Dataset excerpts |
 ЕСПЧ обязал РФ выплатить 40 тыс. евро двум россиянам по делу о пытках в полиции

--

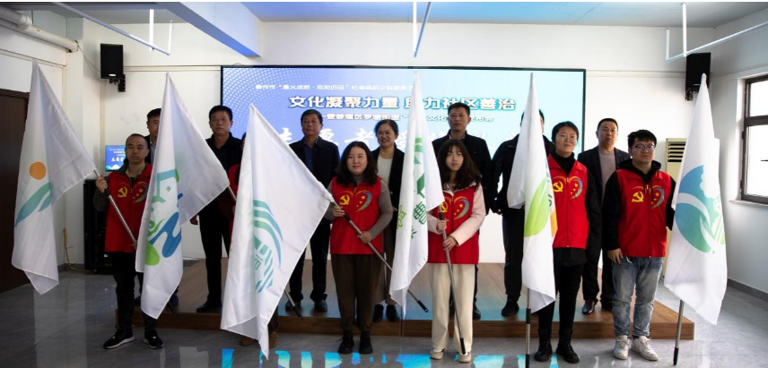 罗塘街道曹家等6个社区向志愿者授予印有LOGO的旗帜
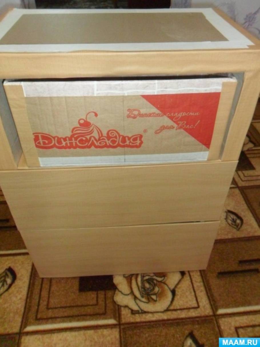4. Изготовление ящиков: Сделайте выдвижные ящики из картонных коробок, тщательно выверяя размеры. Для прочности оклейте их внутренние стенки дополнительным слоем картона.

What the task asks | Reproduce the data above exactly, but only from the line containing "罗塘街道曹家等6个社区向志愿者授予印有LOGO的旗帜" through the line containing "4. Изготовление ящиков: Сделайте"; skip the pictures.

Problem solution |
 罗塘街道曹家等6个社区向志愿者授予印有LOGO的旗帜
4. Изготовление ящиков: Сделайте выдвижные ящики из картонных коробок, тщательно выверяя размеры. Для прочности оклейте их внутренние стенки дополнительным слоем картона.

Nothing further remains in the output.